▶ **What is expected**
Give the data again in its entirety, exactly as provided.

▶ **Input records**
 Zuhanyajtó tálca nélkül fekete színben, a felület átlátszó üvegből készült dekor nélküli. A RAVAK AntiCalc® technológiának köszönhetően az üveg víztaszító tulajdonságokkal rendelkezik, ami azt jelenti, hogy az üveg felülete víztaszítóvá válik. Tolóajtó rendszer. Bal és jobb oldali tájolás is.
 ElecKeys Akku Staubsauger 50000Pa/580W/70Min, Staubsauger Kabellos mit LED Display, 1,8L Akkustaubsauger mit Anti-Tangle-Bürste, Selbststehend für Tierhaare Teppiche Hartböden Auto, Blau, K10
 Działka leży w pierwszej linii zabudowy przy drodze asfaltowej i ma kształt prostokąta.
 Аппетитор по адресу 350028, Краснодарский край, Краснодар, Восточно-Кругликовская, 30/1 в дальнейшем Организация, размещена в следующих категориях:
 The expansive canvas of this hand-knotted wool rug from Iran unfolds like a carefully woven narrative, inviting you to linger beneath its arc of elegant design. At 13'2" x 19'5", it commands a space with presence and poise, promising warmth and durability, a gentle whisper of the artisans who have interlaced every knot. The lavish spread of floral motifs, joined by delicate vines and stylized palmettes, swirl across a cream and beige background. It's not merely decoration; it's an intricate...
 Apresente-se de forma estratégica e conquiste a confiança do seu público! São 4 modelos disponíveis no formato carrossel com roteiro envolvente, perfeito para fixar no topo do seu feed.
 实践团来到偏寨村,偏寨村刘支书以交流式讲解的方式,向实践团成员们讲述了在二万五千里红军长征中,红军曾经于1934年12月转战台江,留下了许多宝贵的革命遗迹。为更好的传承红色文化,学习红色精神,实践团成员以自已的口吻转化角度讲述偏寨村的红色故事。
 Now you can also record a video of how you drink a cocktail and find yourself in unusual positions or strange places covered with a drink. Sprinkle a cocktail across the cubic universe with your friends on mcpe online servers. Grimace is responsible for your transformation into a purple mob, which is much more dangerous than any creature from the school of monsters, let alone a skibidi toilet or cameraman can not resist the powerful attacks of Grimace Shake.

▶ **Written response**
 Zuhanyajtó tálca nélkül fekete színben, a felület átlátszó üvegből készült dekor nélküli. A RAVAK AntiCalc® technológiának köszönhetően az üveg víztaszító tulajdonságokkal rendelkezik, ami azt jelenti, hogy az üveg felülete víztaszítóvá válik. Tolóajtó rendszer. Bal és jobb oldali tájolás is.
 ElecKeys Akku Staubsauger 50000Pa/580W/70Min, Staubsauger Kabellos mit LED Display, 1,8L Akkustaubsauger mit Anti-Tangle-Bürste, Selbststehend für Tierhaare Teppiche Hartböden Auto, Blau, K10
 Działka leży w pierwszej linii zabudowy przy drodze asfaltowej i ma kształt prostokąta.
 Аппетитор по адресу 350028, Краснодарский край, Краснодар, Восточно-Кругликовская, 30/1 в дальнейшем Организация, размещена в следующих категориях:
 The expansive canvas of this hand-knotted wool rug from Iran unfolds like a carefully woven narrative, inviting you to linger beneath its arc of elegant design. At 13'2" x 19'5", it commands a space with presence and poise, promising warmth and durability, a gentle whisper of the artisans who have interlaced every knot. The lavish spread of floral motifs, joined by delicate vines and stylized palmettes, swirl across a cream and beige background. It's not merely decoration; it's an intricate...
 Apresente-se de forma estratégica e conquiste a confiança do seu público! São 4 modelos disponíveis no formato carrossel com roteiro envolvente, perfeito para fixar no topo do seu feed.
 实践团来到偏寨村,偏寨村刘支书以交流式讲解的方式,向实践团成员们讲述了在二万五千里红军长征中,红军曾经于1934年12月转战台江,留下了许多宝贵的革命遗迹。为更好的传承红色文化,学习红色精神,实践团成员以自已的口吻转化角度讲述偏寨村的红色故事。
 Now you can also record a video of how you drink a cocktail and find yourself in unusual positions or strange places covered with a drink. Sprinkle a cocktail across the cubic universe with your friends on mcpe online servers. Grimace is responsible for your transformation into a purple mob, which is much more dangerous than any creature from the school of monsters, let alone a skibidi toilet or cameraman can not resist the powerful attacks of Grimace Shake.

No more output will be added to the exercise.